When the National Security Agency lost control of the software behind the WannaCry cyberattack, it was like "the U.S. military having some of its Tomahawk missiles stolen," Microsoft President Brad Smith says, in a message about the malicious software that has created havoc on computer networks in more than 150 countries since Friday.
"This is an emerging pattern in 2017," Smith, who is also chief legal officer, says in a Microsoft company blog post. "We have seen vulnerabilities stored by the CIA show up on WikiLeaks, and now this vulnerability stolen from the NSA has affected customers around the world. Repeatedly, exploits in the hands of governments have leaked into the public domain and caused widespread damage."
On affected computers, the WannaCry software encrypts files and displays a ransom message demanding $300 in bitcoin. It has attacked hundreds of thousands of computers, security experts say, from hospital systems in the U.K. and a telecom company in Spain to universities and large companies in Asia. And the software is already inspiring imitators, as the Bleeping Computer site reports.
The malware behind WannaCry (also called WannaCrypt, Wana Decryptor or WCry) was reported to have been stolen from the NSA in April. And while Microsoft said it had already released a security update to patch the vulnerability one month earlier, the sequence of events fed speculation that the NSA hadn't told the U.S. tech giant about the security risk until after it had been stolen.

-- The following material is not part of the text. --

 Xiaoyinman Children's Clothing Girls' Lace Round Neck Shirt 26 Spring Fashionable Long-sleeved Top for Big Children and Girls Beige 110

With his new statement, Smith seems to be confirming that version of events.
Two months after Microsoft issued its security patch, thousands of computers remained vulnerable to the WannaCry attack. That prompted the company to issue another patch on Friday for older and unsupported operating systems such as Windows XP, allowing users to secure their systems without requiring an upgrade to the latest operating software.
Urging businesses and computer users to keep their systems current and updated, Smith says the WannaCry attack shows the importance of collective action to fight cybercrime.

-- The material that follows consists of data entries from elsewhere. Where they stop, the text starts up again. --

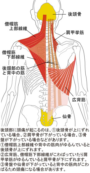 後頭部の後頭骨には骨盤から背中を通じてつながっている背筋や肩甲骨につながっている僧帽筋があります。例えば後頭骨が上にずれている場合、それらの筋肉は緊張してこわばります。あるいは骨盤(仙骨)が下がっていたり、肩甲骨が下や外にずれている場合もそれらの筋肉はこわばります。そしてそのこわばりによって後頭部に頭痛がもたらされることになります。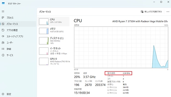コンピュータ A CPUクロック周期:1ナノ秒 CPI:4.0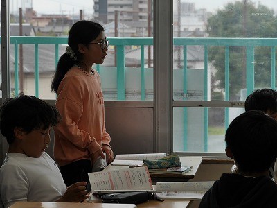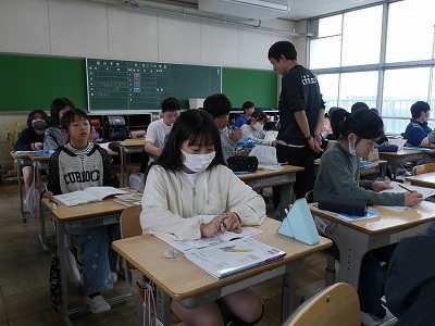 二つの図形の対応する点、辺、角などについて確認していました。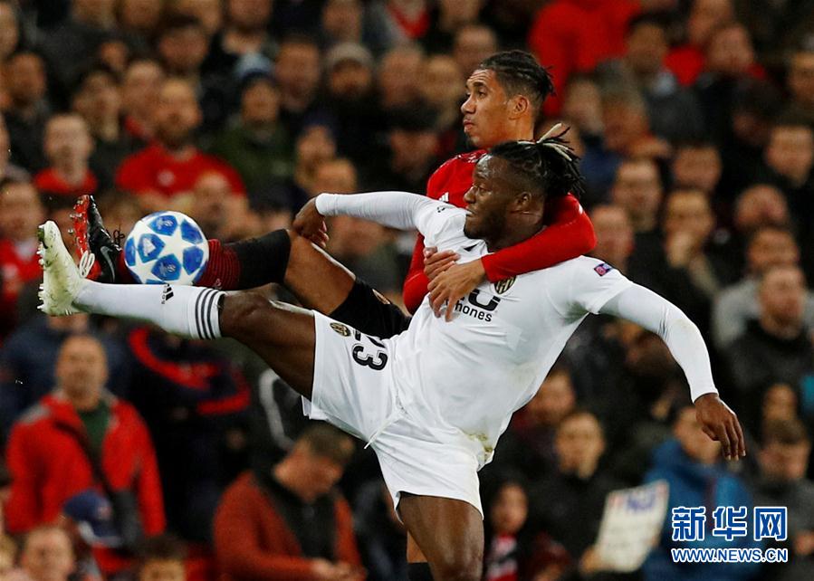 10月2日,曼联队球员球员斯莫林(后)与瓦伦西亚队球员巴舒亚伊在比赛中拼抢。 当日,在2018-2019赛季欧洲足球冠军联赛H组第二轮比赛中,英超曼彻斯特联队主场0比0战平西甲瓦伦西亚队。 新华社/路透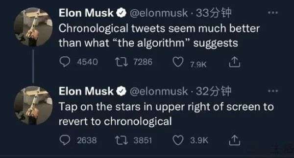 在与Twitter达成价值440亿美元的收购交易后,马斯克入主这家社交平台的脚步或已越来越近。作为Twitter极有可能的新主人,马斯克在这段时间里,也陆续喊出了诸如盈利模式转向收费订阅、放松审核、清理机器人账号等改革措施。日前,马斯克又在Twitter上发文称,按时间顺序排列的推文似乎比算法建议的好很多,并推荐网友将推文顺序设置为按时间排列。

But he aimed his sharpest criticisms at the U.S. and other nations.
The attack, Smith says, "represents a completely unintended but disconcerting link between the two most serious forms of cybersecurity threats in the world today — nation-state action and organized criminal action."
International standards should compel countries not to stockpile or exploit software vulnerabilities, Smith says. He adds that governments should report vulnerabilities like the one at the center of the WannaCry attack.
Governments "need to take a different approach and adhere in cyberspace to the same rules applied to weapons in the physical world," Smith says, urging agencies to "consider the damage to civilians that comes from hoarding these vulnerabilities and the use of these exploits."
Smith's blog post did not address another factor in the ransomware's spread, one that hints at the difficulty of uniting against a hacking attack: Users of pirated Microsoft software are unable to download the security patch, forcing them to fend for themselves or rely on a third-party source for a solution.